AES New York 2019
Engineering Brief EB8
EB8 - Applications in Audio
Saturday, October 19, 3:30 pm — 4:30 pm
Sunil G. Bharitkar, HP Labs., Inc. - San Francisco, CA, USA
EB8-1 Vibrary: A Consumer-Trainable Music Tagging Utility—Scott Hawley, Belmont University - Nashville, TN, USA; Jason Bagley, Art+Logic - Pasadena, CA, USA; Brett Porter, Art+Logic - Fanwood, NJ, USA; Daisey Traynham, Art+Logic - Pasadena, CA, USA
We present the engineering underlying a consumer application to help music industry professionals find audio clips and samples of personal interest within their large audio libraries typically consisting of heterogeneously-labeled clips supplied by various vendors. We enable users to train an indexing system using their own custom tags (e.g., instruments, genres, moods), by means of convolutional neural networks operating on spectrograms.
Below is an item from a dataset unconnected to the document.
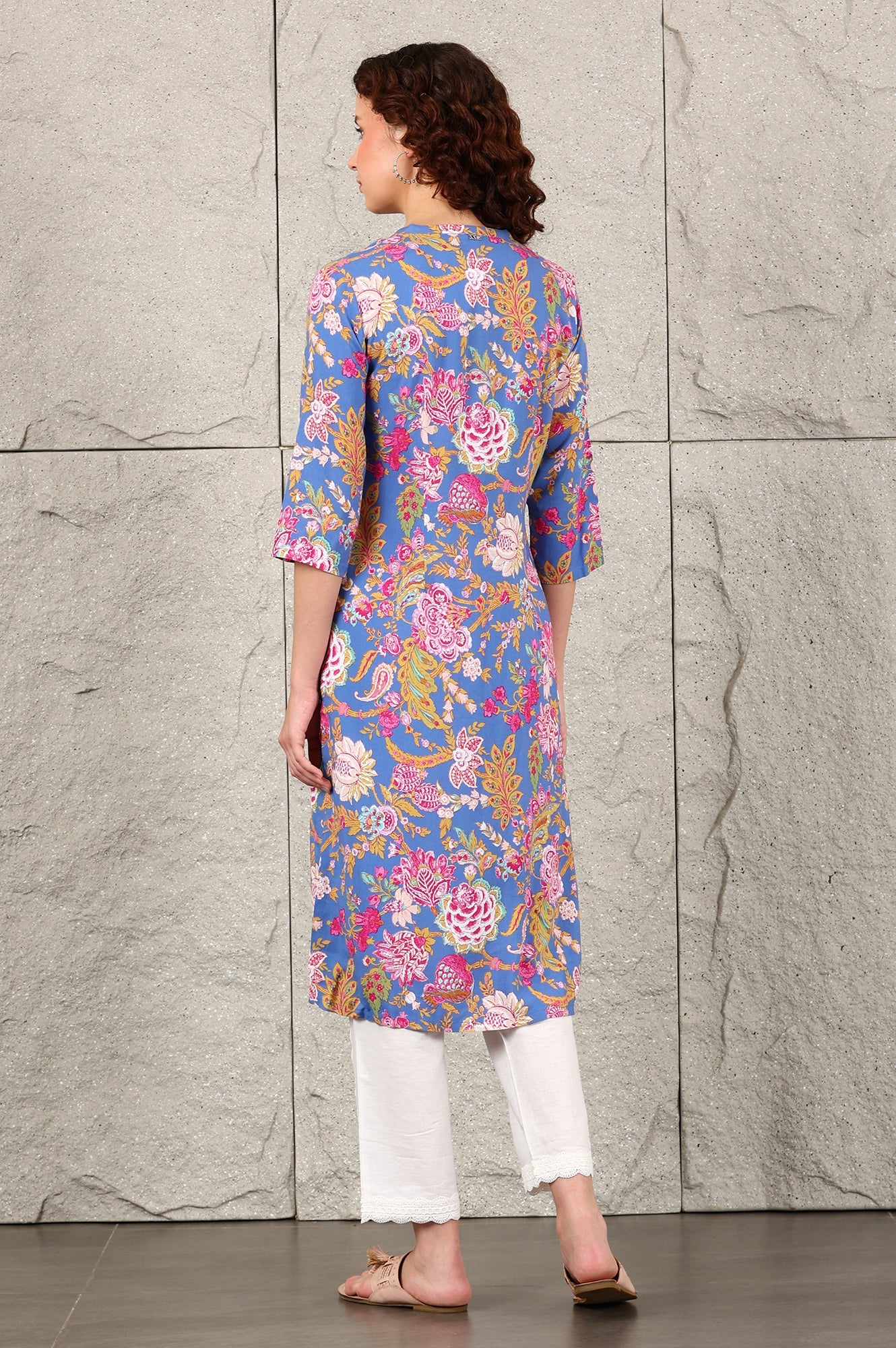 Blue Floral Printed Rayon Straight Kurta

Since the intended users are not data scientists and may not possess the required computational resources (i.e., Graphics Processing Units, GPUs), our primary contributions consist of (i) designing an intuitive user experience for a local client application to help users create representative spectrogram datasets, and (ii) "seamless" integration with a cloud-based GPU server for efficient neural network training.
Engineering Brief 562
EB8-2 Casualty Accessible and Enhanced (A&E) Audio: Trialling Object-Based Accessible TV Audio—Lauren Ward, University of Salford - Salford, UK; BBC R&D - Salford, UK; Matthew Paradis, BBC Research and Development - London, UK; Ben Shirley, University of Salford - Salford, Greater Manchester, UK; Salsa Sound Ltd - Salford, Greater Manchester, UK; Laura Russon, BBC Studios - Cardiff, Wales, UK; Robin Moore, BBC Research & Development - Salford, UK; Rhys Davies, BBC Studios - Cardiff, Wales, UK
Casualty Accessible and Enhanced (A&E) Audio is the first public trial of accessible audio technology using a narrative importance approach. This trial allows viewers to personalize the audio of an episode of the BBC’s "Casualty" drama series based on their hearing needs. Using a simple interface the audio can be varied between the broadcast mix and an accessible mix containing narratively important non-speech sounds, enhanced dialogue, and attenuated background sounds. This paper describes the trial’s development, implementation, and it’s evaluation by normal and hard of hearing listeners (n=5209 on 20/8/2019). 299 participants also completed a survey, rating the technology 3.6/5 stars. 73% reported the technology made the content more enjoyable or easier to understand.
Engineering Brief 563
EB8-3 Generative Modeling of Metadata for Machine Learning Based Audio Content Classification—Sunil G. Bharitkar, HP Labs., Inc. - San Francisco, CA, USA
Automatic content classification technique is an essential tool in multimedia applications. Present research for audio-based classifiers look at short- and long-term analysis of signals, using both temporal and spectral features. In this paper we present a neural network to classify between the movie (cinematic, TV shows), music, and voice using metadata contained in either the audio/video stream. Towards this end, statistical models of the various metadata are created since a large metadata dataset is not available. Subsequently, synthetic metadata are generated from these statistical models, and the synthetic metadata is input to the ML classifier as feature vectors. The resulting classifier is then able to classify real-world content (e.g., YouTube) with an accuracy ˜ 90% with very low latency (viz., ˜ on an average 7 ms) based on real-world metadata.
Engineering Brief 564
EB8-4 Individual Headphone Equalization at the Eardrum with New Apps for Computers and Cellphones—David Griesinger, David Griesinger Acoustics - Cambridge, MA, USA
Ear canal resonances that concentrate energy on the eardrum are highly individual, and headphones alter or eliminate them. The result is inaccurate timbre and in-head localization. We have developed computer apps that use an equal loudness test to match the sound spectrum at the eardrum from a pair of headphones to the spectrum at the eardrums from a frontal loudspeaker. The result is precise timbre and frontal localization. The improvement in sound is startling. In this presentation we will demonstrate the process and the easy to use software that is now available for VST, AAX, Windows, MAC, Android and IOS cellphones. [Presentation only; not available in E-Library]